Versteh ich jetzt irgendwie nicht so.

P.S. guten morgen  :Wink: 

----------

## guije

 *Keruskerfuerst wrote:*   

> Aus /usr/src/linux und den Unterverzeichnissen muß bzImage und die System.map nach /boot kopiert werden.
> 
> Außerdem muß noch Grub (-Static) installiert sein.
> 
> 

 

Sytem.map ist jetzt drin und bzImage auch, aber wie ist vorher gelaufen?

Ich habe lilo als bootmamager gewählt.

Auch guten morgen ihr Frühaufsteher

----------

## Stormkings

Morgen,

Deine booot partition ist nicht gemountet wie die ausgabe von mount anzeigt. Probiers mal mit mount /boot. Sie steht ja in /etc/fstab.

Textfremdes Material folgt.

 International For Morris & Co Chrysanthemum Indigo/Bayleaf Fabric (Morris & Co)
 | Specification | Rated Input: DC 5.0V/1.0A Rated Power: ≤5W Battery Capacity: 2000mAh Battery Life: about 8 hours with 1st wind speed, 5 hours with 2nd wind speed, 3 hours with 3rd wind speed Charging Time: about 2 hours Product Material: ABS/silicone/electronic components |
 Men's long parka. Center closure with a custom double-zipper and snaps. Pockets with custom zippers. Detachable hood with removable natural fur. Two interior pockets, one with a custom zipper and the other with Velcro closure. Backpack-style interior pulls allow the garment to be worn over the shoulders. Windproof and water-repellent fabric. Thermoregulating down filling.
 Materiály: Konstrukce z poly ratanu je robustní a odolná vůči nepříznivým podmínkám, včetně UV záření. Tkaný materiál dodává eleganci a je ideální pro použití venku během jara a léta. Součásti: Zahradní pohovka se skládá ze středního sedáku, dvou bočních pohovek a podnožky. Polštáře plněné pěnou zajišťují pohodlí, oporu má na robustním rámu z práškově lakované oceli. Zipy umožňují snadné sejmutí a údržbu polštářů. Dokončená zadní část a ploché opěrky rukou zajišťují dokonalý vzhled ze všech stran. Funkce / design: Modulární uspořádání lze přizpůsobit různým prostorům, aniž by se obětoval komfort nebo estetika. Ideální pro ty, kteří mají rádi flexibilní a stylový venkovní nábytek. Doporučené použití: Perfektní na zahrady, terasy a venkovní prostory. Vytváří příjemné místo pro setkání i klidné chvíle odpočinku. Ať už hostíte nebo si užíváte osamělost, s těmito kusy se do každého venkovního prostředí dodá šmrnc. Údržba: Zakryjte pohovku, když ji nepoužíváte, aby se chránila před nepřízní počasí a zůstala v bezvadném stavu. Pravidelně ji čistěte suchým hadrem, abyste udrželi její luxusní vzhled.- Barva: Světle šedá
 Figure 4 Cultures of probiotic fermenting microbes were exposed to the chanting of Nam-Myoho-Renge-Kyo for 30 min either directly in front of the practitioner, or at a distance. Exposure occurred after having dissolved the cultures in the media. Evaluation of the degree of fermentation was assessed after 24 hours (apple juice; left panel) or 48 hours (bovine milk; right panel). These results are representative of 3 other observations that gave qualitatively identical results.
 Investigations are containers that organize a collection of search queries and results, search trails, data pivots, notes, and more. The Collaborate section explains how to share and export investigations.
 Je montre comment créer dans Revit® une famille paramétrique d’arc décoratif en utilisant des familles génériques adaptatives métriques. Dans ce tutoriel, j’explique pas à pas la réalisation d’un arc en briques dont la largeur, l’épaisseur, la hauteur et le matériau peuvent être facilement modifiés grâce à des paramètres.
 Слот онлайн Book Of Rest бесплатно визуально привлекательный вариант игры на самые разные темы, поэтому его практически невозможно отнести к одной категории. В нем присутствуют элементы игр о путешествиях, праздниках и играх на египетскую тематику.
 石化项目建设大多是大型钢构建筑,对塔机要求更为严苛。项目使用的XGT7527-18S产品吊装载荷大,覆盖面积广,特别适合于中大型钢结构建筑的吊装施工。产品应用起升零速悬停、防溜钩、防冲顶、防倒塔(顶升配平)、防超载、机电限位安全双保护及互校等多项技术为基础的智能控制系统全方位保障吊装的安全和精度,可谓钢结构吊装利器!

Automatische gemountet wird sie nicht, da du bei den optionen noauto stehen hast. 

Anschließend solltest du auch in der Partition ein paar datein finden. Da solltest du erstmal sehen was da für ein boot manager benutzt wird und in die entsprechende datei den neuen kernel eintragen. 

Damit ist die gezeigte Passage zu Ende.